**Work instructions**
Type the entries out again exactly as they read, but leave every picture behind.

**Collected data entries**

BEGIN

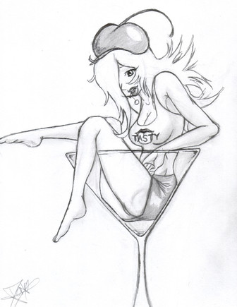 Sketch of Jessica Rabbit from "Who Framed Roger Rabbit?"She's asking Eddie Valiant for help finding her hubby Roger.
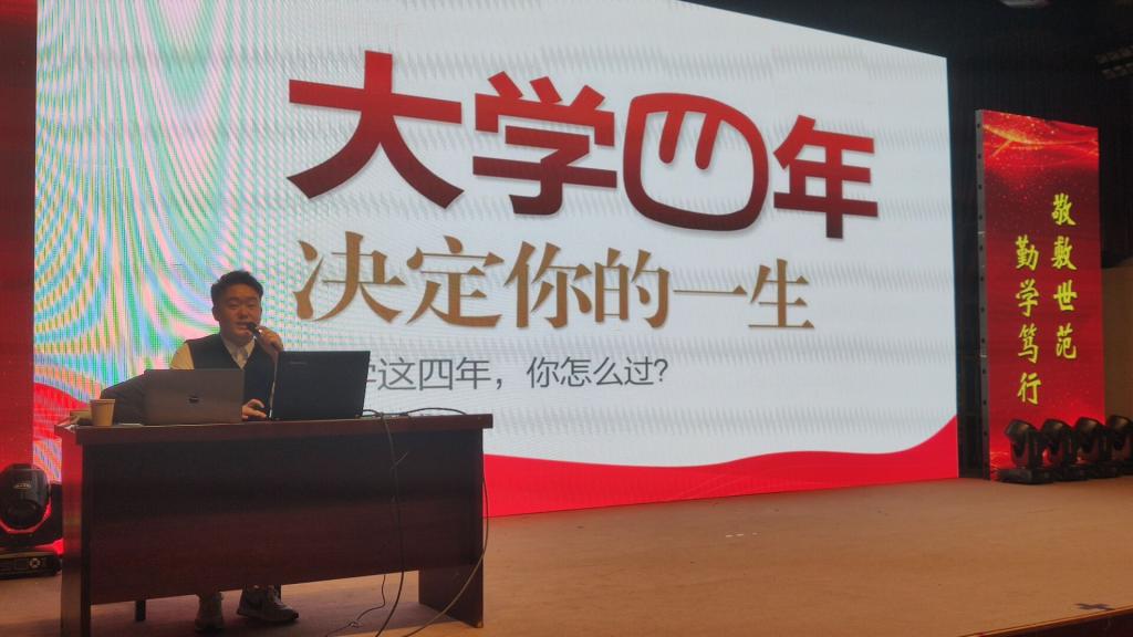 12月17日,SUNBET申博在菱湖校区图书馆报告厅举办“职”面人生大讲坛。华图教育职业规划师吴强应邀为2021级全体新同学做了“实现职业梦想 激发潜力未来”专题讲座。
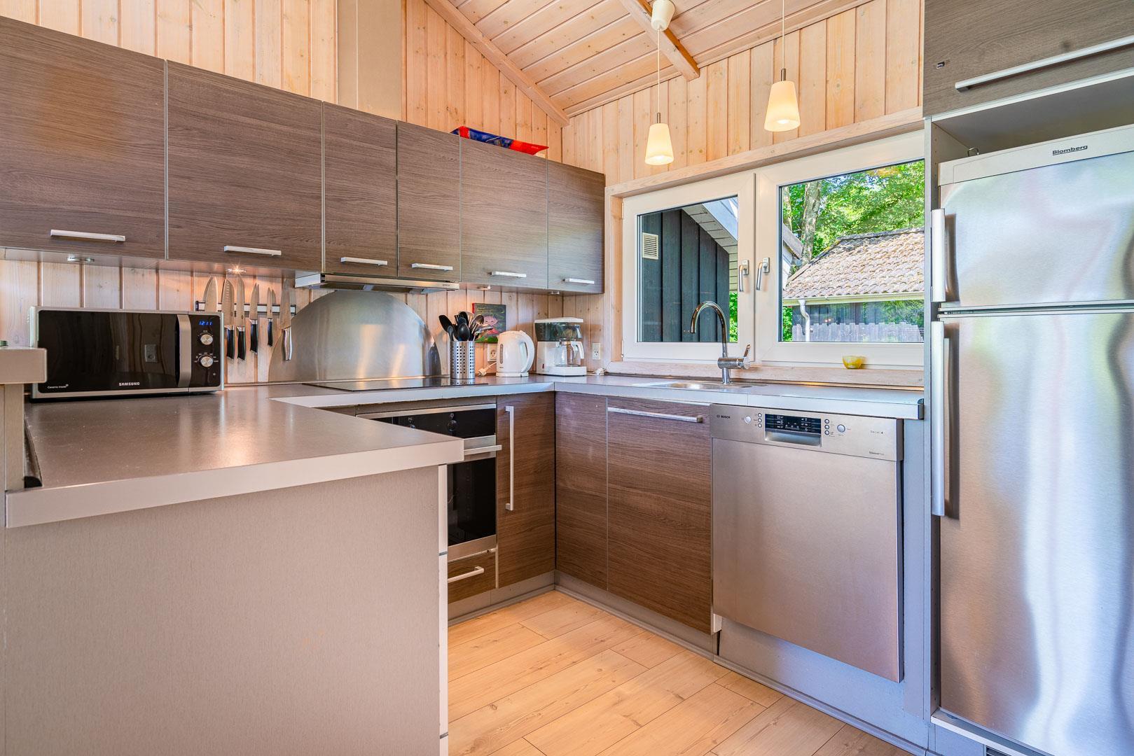 Die moderne Küche ist mit allem ausgestattet, was du brauchst – inklusive Spülmaschine, Backofen und reichlich Platz zum gemeinsamen Kochen. Insgesamt bietet das Ferienhaus vier Schlafzimmer, ideal für bis zu 8 Personen. Ein Gäste-WC ergänzt das große Badezimmer, das mit Sauna, Badewanne und Fußbodenheizung pure Wellnessmomente verspricht.
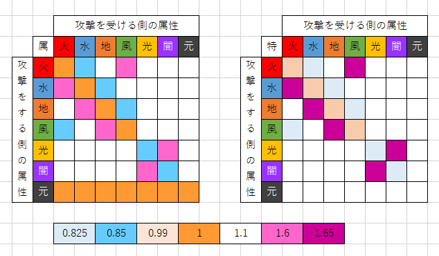 同じ属性相手、 A×0.95×1.05=0.9975 ※光闇の場合は属性不利判定
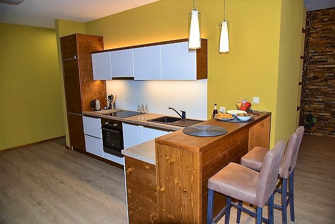 Moderný Apartmán A404 LAGEMA sa nachádza v apartmánovom dome Hrebienok Resort v centre obce Vysoké Tatry, vo vyhľadávanej oblasti Starý Smokovec. Nachádzame sa pri stanici pozemnej lanovky, ktorá vedie na Hrebienok. Apartmán s rozlohou 100 m2 tvoria dve spálne s manželskými posteľami. V apartmáne je aj obývacia izba s gaučom a plne vybavenou kuchynkou. V kúpeľni je toaleta, druhá toaleta je samostatná. Štýlový a priestranný apartmán je vhodný pre rodiny s deťmi. Kapacita ubytovania je prispôsobená pre 4 dospelé osoby a 2 deti do 10 rokov. Moderné zariadenie, drevené a kamenné obklady, doplnky a nádherný výhľad na Kráľovú hoľu a Gerlachovský štít zabezpečia pocit ozajstnej prírody aj vo vnútri. Samozrejmosťou je WiFi pripojenie na internet a podzemné parkovisko strážené kamerovým systémom za poplatok 9 EUR na deň. Na prízemí rezortu môžete využívať služby recepcie a viacerých reštaurácií. V okolitých hoteloch využijete služby wellness a fitness. Nájdete tu aj potraviny, Bio obchod a cukráreň. Zimné obdobie je ideálne na lyžovanie a sánkovanie v miestnom lyžiarskom stredisku Jakubkova lúka. V blízkosti sú aj strediská Dolný Smokovec – Pod lesom, Hrebienok alebo Tatranská Lomnica. Lyže si môžete uschovať v spoločnej lyžiarni s odkladacím vyhrievaným boxom na lyžiarky. V lete ocenia turisti aj cyklisti bohaté možnosti výletov, ktoré ponúkajú Vysoké Tatry. Môžete si spraviť výlet na Hrebienok, Rysy alebo Lomnický Štít. Menej náročné sú prechádzky okolo Štrbského či Skalnatého plesa. Ak radi plávate, môžete zájsť do neďalekých kúpeľov v Novom Smokovci alebo v Tatranských Zruboch.
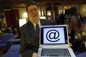 Raymond Tomlinson is a US programmer who implemented an email system in 1971 on the ARPANET. It was the first system to send mail between users on different hosts connected to the ARPANET. To achieve this, he used the ‘@’ sign to separate the user from their machine, which is used in email addresses ever since.

END

**Response box**
 Sketch of Jessica Rabbit from "Who Framed Roger Rabbit?"She's asking Eddie Valiant for help finding her hubby Roger.
 12月17日,SUNBET申博在菱湖校区图书馆报告厅举办“职”面人生大讲坛。华图教育职业规划师吴强应邀为2021级全体新同学做了“实现职业梦想 激发潜力未来”专题讲座。
 Die moderne Küche ist mit allem ausgestattet, was du brauchst – inklusive Spülmaschine, Backofen und reichlich Platz zum gemeinsamen Kochen. Insgesamt bietet das Ferienhaus vier Schlafzimmer, ideal für bis zu 8 Personen. Ein Gäste-WC ergänzt das große Badezimmer, das mit Sauna, Badewanne und Fußbodenheizung pure Wellnessmomente verspricht.
 同じ属性相手、 A×0.95×1.05=0.9975 ※光闇の場合は属性不利判定
 Moderný Apartmán A404 LAGEMA sa nachádza v apartmánovom dome Hrebienok Resort v centre obce Vysoké Tatry, vo vyhľadávanej oblasti Starý Smokovec. Nachádzame sa pri stanici pozemnej lanovky, ktorá vedie na Hrebienok. Apartmán s rozlohou 100 m2 tvoria dve spálne s manželskými posteľami. V apartmáne je aj obývacia izba s gaučom a plne vybavenou kuchynkou. V kúpeľni je toaleta, druhá toaleta je samostatná. Štýlový a priestranný apartmán je vhodný pre rodiny s deťmi. Kapacita ubytovania je prispôsobená pre 4 dospelé osoby a 2 deti do 10 rokov. Moderné zariadenie, drevené a kamenné obklady, doplnky a nádherný výhľad na Kráľovú hoľu a Gerlachovský štít zabezpečia pocit ozajstnej prírody aj vo vnútri. Samozrejmosťou je WiFi pripojenie na internet a podzemné parkovisko strážené kamerovým systémom za poplatok 9 EUR na deň. Na prízemí rezortu môžete využívať služby recepcie a viacerých reštaurácií. V okolitých hoteloch využijete služby wellness a fitness. Nájdete tu aj potraviny, Bio obchod a cukráreň. Zimné obdobie je ideálne na lyžovanie a sánkovanie v miestnom lyžiarskom stredisku Jakubkova lúka. V blízkosti sú aj strediská Dolný Smokovec – Pod lesom, Hrebienok alebo Tatranská Lomnica. Lyže si môžete uschovať v spoločnej lyžiarni s odkladacím vyhrievaným boxom na lyžiarky. V lete ocenia turisti aj cyklisti bohaté možnosti výletov, ktoré ponúkajú Vysoké Tatry. Môžete si spraviť výlet na Hrebienok, Rysy alebo Lomnický Štít. Menej náročné sú prechádzky okolo Štrbského či Skalnatého plesa. Ak radi plávate, môžete zájsť do neďalekých kúpeľov v Novom Smokovci alebo v Tatranských Zruboch.
 Raymond Tomlinson is a US programmer who implemented an email system in 1971 on the ARPANET. It was the first system to send mail between users on different hosts connected to the ARPANET. To achieve this, he used the ‘@’ sign to separate the user from their machine, which is used in email addresses ever since.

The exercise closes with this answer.